I'm trying to pull data from an Athena DB into R using RJDBC as described in detail on AWS's own blog. Alas, the amount of data I'm trying to pull is substantial and so I'm getting the following error message:
Error in .jcall(rp, "I", "fetch", stride, block) :
java.sql.SQLException: The requested fetchSize is more than the allowed value in Athena. Please reduce the fetchSize and try again. Refer to the Athena documentation for valid fetchSize values.
The Athena documentation doesn't actually give any such fetchSize values but I gather from this github issue that the value should be lower than 1000. I gather from the same github issue that there is no way to pass this fetchSize to RJDBC. So are there other ways of querying Athena that respect this limit?
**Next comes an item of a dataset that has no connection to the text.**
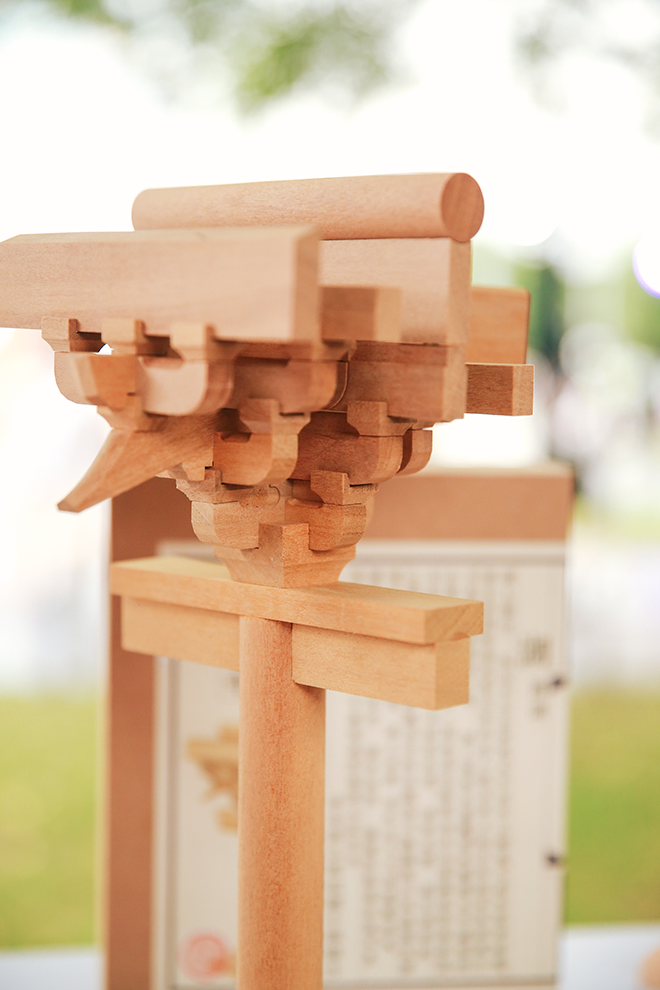 作为南宋古都,宋代的文化基因藏在杭州城市里,成就杭州文化自信的底色。“宋韵雅生活”板块,展现了时隔千年宋韵生活美学的当代传承。来自全国各地的匠人们,把对宋韵美学的理解变成适合现代生活,可观赏、可体验、可购买的生活小品。不用一枚钉子,一滴胶水,中国传统榫卯工艺只靠物理原理和工匠才华就能化平凡为神奇。晚峰书屋创始人、中国古建筑榫卯积木开发者刘文辉现场带来一座巨型“爆炸式”装置,解构呈现榫卯建筑。感兴趣的话,你也可以买一套宋式斗拱积木回家,让孩子感受中国古代建筑工艺的魅力。

The basic problem is that dbGetQuery doesn't allow one to specify the fetchSize. As per the RJDBC package author one workaround is to call the two functions that dbGetQuery wraps separately and pass the fetchSize to fetch():
q <- dbSendQuery(c, ...)
fetch(q, -1, block=999)
More generally:
setMethod("dbGetQuery", signature(conn="JDBCConnection", statement="character"), def=function(conn, statement, ...) {
r <- dbSendQuery(conn, statement, ...)
on.exit(.jcall(r#stat, "V", "close"))
if (conn#jc %instanceof% "com.amazonaws.athena.jdbc.AthenaConnection") fetch(r, -1, 999) # Athena can only pull 999 rows at a time
else fetch(r, -1)
})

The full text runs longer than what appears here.